Au cours de la première partie de ce travail, des conjugués d’acide salicylique et de ses deux analogues chlorés ont été synthétisés en réalisant diverses variations structurales. Ainsi, nous avons pu obtenir des conjugués en réalisant des modulations au niveau de la substance active (acide salicylique ou analogues chlorés) ou du nutriment (α-aminoacide ou sucre). La liaison entre la substance active et le nutriment est parfois directe, tandis que d’autres conjugués comportent un espaceur avec diverses variations structurales (1,2,3-triazole, éthylène, 1,4 et 1,5-dicarbonylé). Ces synthèses multi-étapes ont permis l’obtention de seize conjugués d’acide salicylique ou analogues liés à un aminoacide (acide glutamique, tryptophane, acides diaminopropionique et butyrique, lysine et sérine) ou à un sucre (glucose).
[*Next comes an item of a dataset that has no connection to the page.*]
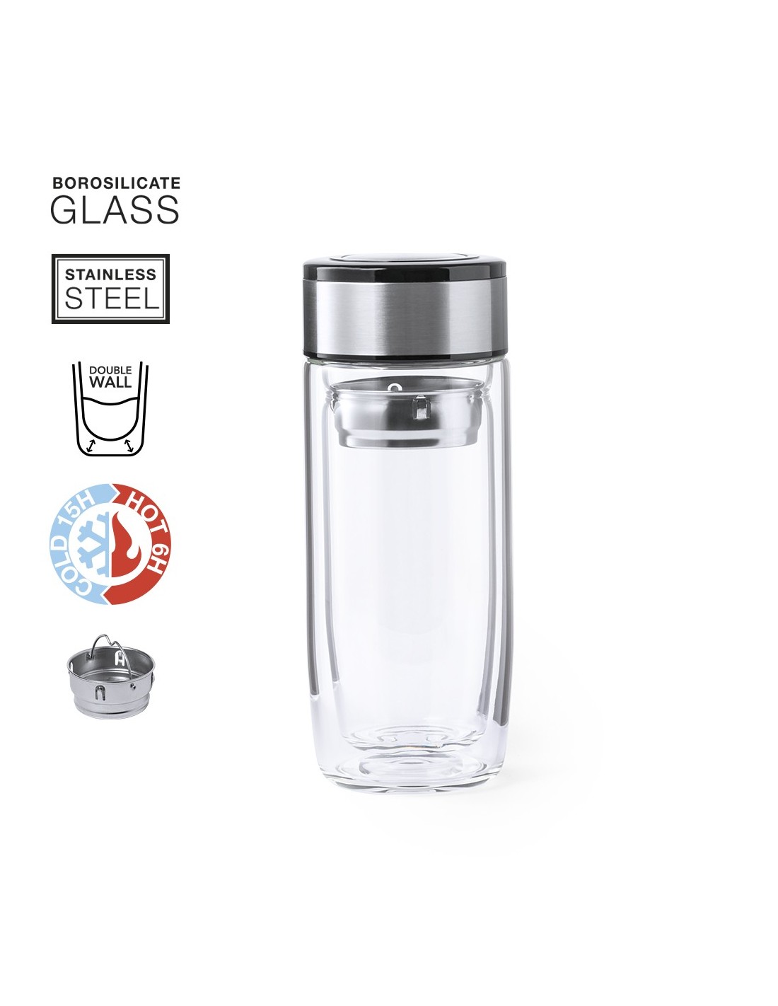 Vaso térmico en alta calidad de doble pared y 330ml de capacidad. Fabricado en cristal de borosilicato, que ofrece una resistencia y durabilidad excepcionales, alargando su vida útil y pudiendo ser reutilizado infinidad de veces. Tapón en acero inox con infusor integrado y libre de BPA. Presentado en atractiva caja de diseño.

La seconde partie de ce travail a consisté à réaliser des études biologiques préliminaires avec six conjugués. Ces derniers associent l’acide salicylique et ses deux analogues chlorés à du β-D-glucose ou de l’acide L-glutamique via un espaceur 1,2,3-triazole. La mobilité phloémienne a été évaluée chez le ricin en comparaison des trois molécules parents. Les résultats obtenus ont mis en évidence une meilleure mobilité des conjugués avec un aminoacide, notamment celui avec l’acide salicylique, en comparaison de ceux incluant du glucose. Ces six conjugués ont ensuite été évalués sur un modèle de laboratoire quant à leur activité sur l’helminthosporiose du maïs. Ils ont tous montré une activité inhibitrice significative sur le développement des nécroses foliaires induites par cette maladie, l’effet le plus intéressant étant noté avec le conjugué d’acide salicylique à fonction α-aminoacide.